Eddie Ifft comes as ‘funniest comedian in Grand Valley’ Nov. 15

Courtesy / livenation.com
Eddie Ifft

Courtesy photo

Courtesy / livenation.com Eddie Ifft

Stephanie Allen

There was a three-year time period when comedian Eddie Ifft tried to be serious – but luckily for the comedy world, it didn’t work out.

“It just was ugly,” Ifft said. “I had a girlfriend and she like made me. It was awful.”

The 38-year-old has been spreading his caustic-style jokes around the world for years and has been featured on shows such as NBC’s “Last Comic Standing” and ABC’s “Comics Unleashed.” He’s sold out headlining shows across the U.S., Australia and several other countries.

“I was one of the first guys to kind of travel all over the world,” Ifft said. “I still do a little bit, like I’ve got Australia coming up soon and I’m going to South Africa and the UK in a little bit. Kinda fun.”

He travels because he doesn’t like to play the same places over and over again.

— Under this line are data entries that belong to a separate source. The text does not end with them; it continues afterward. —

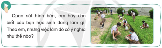 Câu hỏi trang 109 Lịch sử và Địa lí 5: Quan sát hình bên, em hãy cho biết các bạn học sinh đang làm gì. Theo em, những việc làm đó có ý nghĩa như thế nào?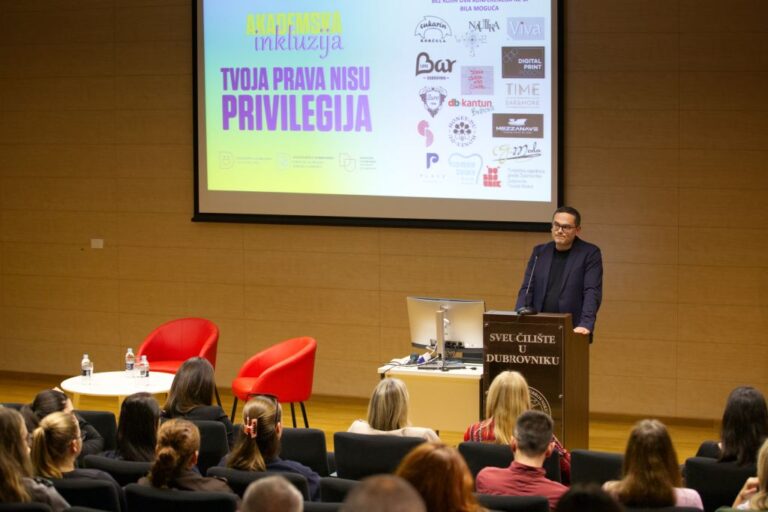 Konferencija Tvoja prava nisu privilegija, održana na kampusu Sveučilišta u Dubrovniku prošlog četvrtka i petka, 20. i 21. studenog kao središnji događaj projekta Akademska inkluzija, okupila je niz govornika. Kroz predavanja, panele i radionicu predstavili su različita iskustva vezana uz tjelesne poteškoće, prepreke u učenju i izazove s kojima se studenti s invaliditetom susreću tijekom studija.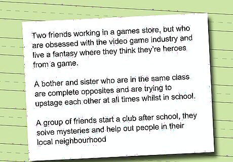 Brainstorm. You will need to try to come up with as many ideas or situations as you can. Try to think of some typical situations, as well as some wacky ones. It is good to have a variety to work with. Be sure to not worry about the content of the ideas. At this point, you just need to get a basis for an idea, then run with it later on. Make a plan beforehand. Prior to starting you brainstorm session, know or jot down who your characters are and know their defining traits. This will make the brainstorming easier.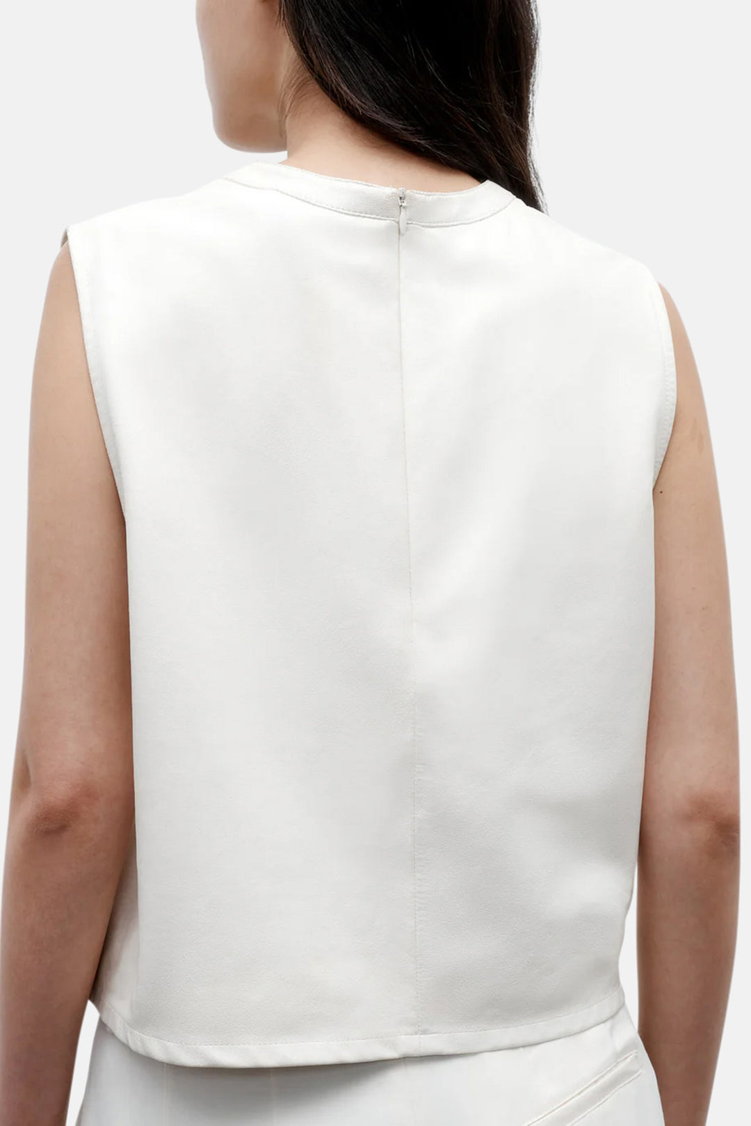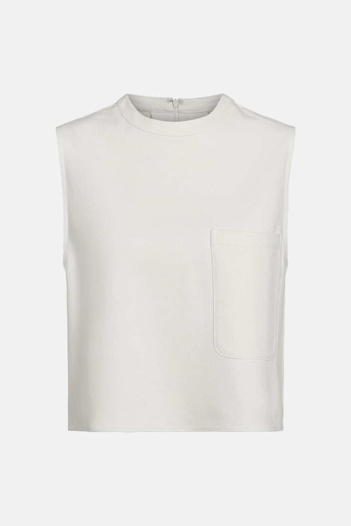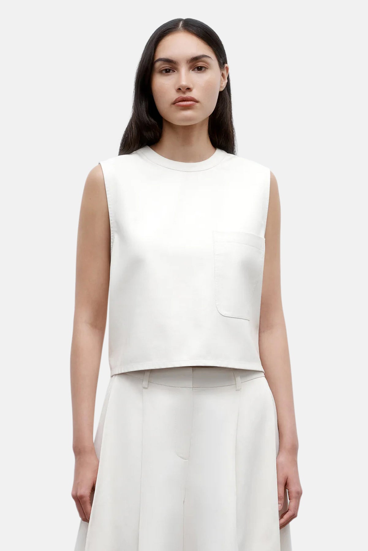 Cropped, round neck tank top in paper leather. We finished a paperweight lambskin leather on both sides to reveal a supple finish on the exterior and soft suede on the inside. This top is a boxy fit with elongated arm holes. Complete with a chest patch pocket and concealed zip at the back.
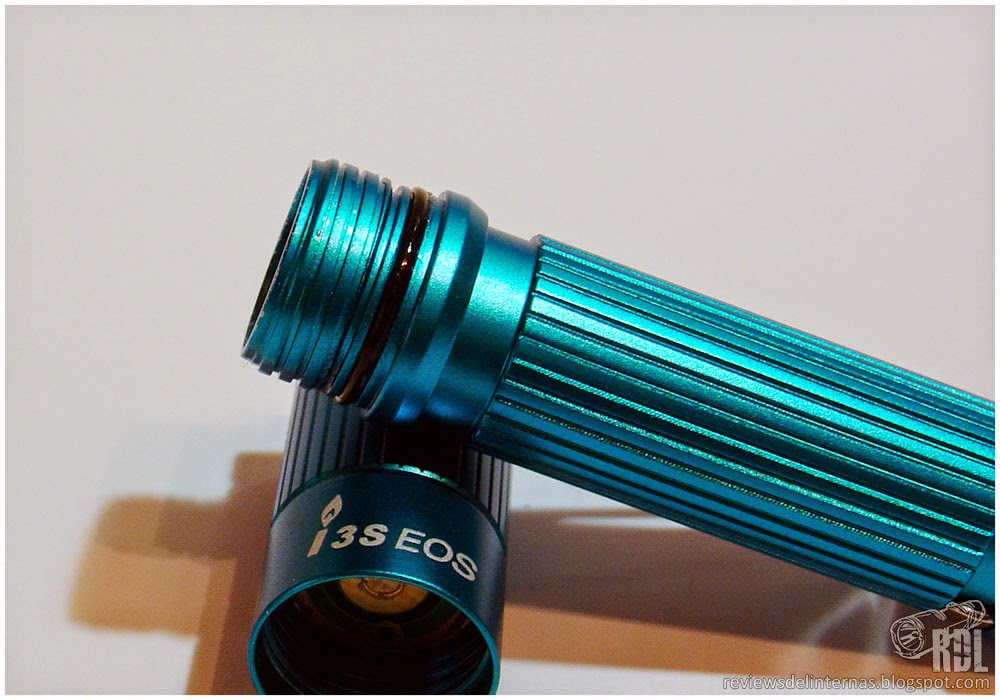 El anodizado de esta unidad tiene un tono azul turquesa muy original, completamente uniforme y sin defectos o distintos tonos apreciables. La gama se completa, además de este azul, con anodizados rojo, negro, lila y anaranjado. Cuenta con varios grabados en su cuerpo, con logotipo de la marca, modelo, LED empleado y número de serie, todos ellos bien definidos y perfectamente legibles.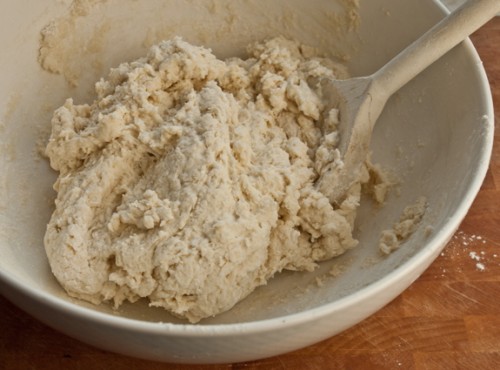 2. Në një tas të madh përzieni bashkë miellin, sheqerin e mbetur, pluhurin pjekës, sodën dhe gjysmë luge të vogël kripë. Shtoni 3 lugë gjalp të shkrirë dhe dhallë dhe përziejeni me lugë druri derisa të jetë bërë si brumë.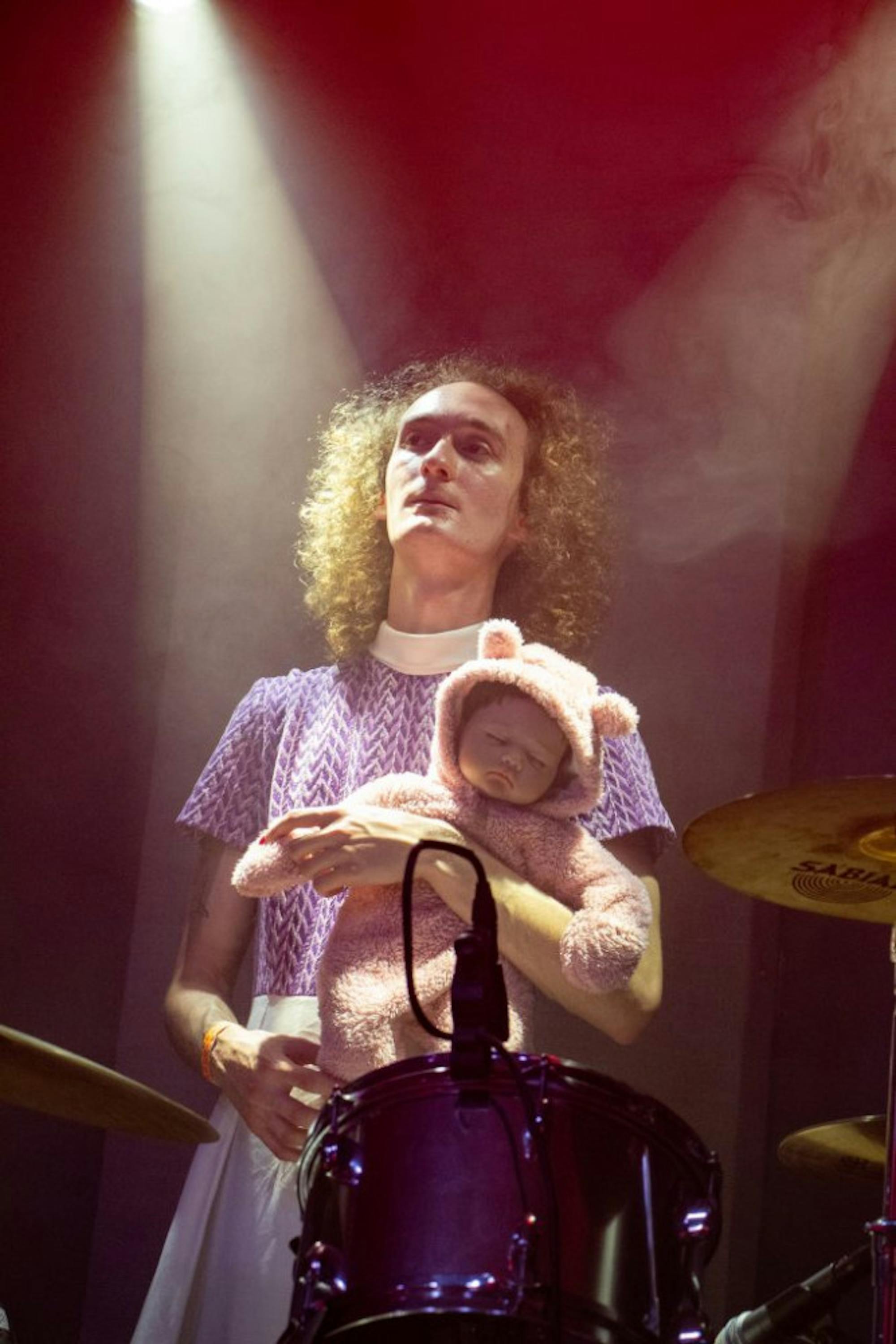 Bassist Henry Pearl (known as “HP”) donned a Minnie Mouse-inspired fit, while Abramovich rocked a mini skirt and held a fake baby (whose name is Geesephine, by the way) in between songs. Weingartner entered the stage wearing a wrestling mask, alongside lead vocalist Jude Ciulla, who rocked a nineties-esque t-shirt and baggy jean combo.

“It’s the same reason you eat dinner at different restaurants, you know, you get bored. America’s a great place, but it gets boring and I like to see other cultures, to see other people and it’s nice to make other people laugh and share my comedy with other people around the world,” Ifft said. “And there’s also all those hot ladies in other countries.”

He was only joking, though. Ifft has a girlfriend and said they’re talking about a wedding, sometime in the future. He said his “large muscles” are probably her favorite part of him.

“I don’t think it’s my sense of humor – that makes her mad,” Ifft said.

That sarcastic, think-first sense of humor, which he uses during his stand-up routines, can get him in trouble with audiences. But it’s all just a joke, he said.

College audiences usually don’t get as offended, but he wants to warn Grand Valley State University students before his Nov. 15 show that he will be the “the funniest comedian in Grand Valley that night,” and to not get offended.

“Remember they’re all jokes,” he said.

But even when people are offended, it doesn’t really bother him.

“It’s a joke, it’s never purposeful or, you know, I’m not talking seriously,” he said. “I’m talking in a joking manner. It’s like when you watch South Park, it’s a comedy. You can’t get upset about South Park.”

Those jokes, along with help from fellow comedian Jim Jefferies and guests such as Andy Dick, Bob Saget and TJ Miller, has kept their podcast, Talkin’ Shit within the Top 10 comedy podcasts on iTunes for weeks at a time.

A podcast that he said is “very, very scary” to make.

“You never know what’s going to happen,” he said. “Next week we’re doing the Great American Challenge, where we have to eat a whole pizza, drink a 30-pack of beer, smoke two grams of marijuana… and then one person has to streak around the block and then it’s a race – and so this all goes on in my house.”

Crazy challenges and uncensored jokes make up most of the podcasts, but comedy is all Ifft can do.

“I can’t do anything else,” he said. “I have no skills.”

His comedy career started with an open mic night in New York City after attending the University of Pittsburgh.

“I just went down and did an open mic one night and found out I could get paid to talk about all the things that I’d get fired, or get in trouble for, or arrested, or whatever, and I was like, ‘This is easy – I just act like an idiot and get paid for it.’”

And finally one night, his comedic dream realization hit him.

“When I was leaving my apartment in New York and I had five shows that night – in New York I do a lot of shows – and I was very single, and there were a lot of women in my life and I was like, ‘Ah, you know, I’m single, I can do whatever I want to do, I’ve got fun shows all over New York City tonight, no boss, no one to tell me what to do, makin’ lots of money,’” he said. “And I was just like, ‘This is the greatest life in the entire world.”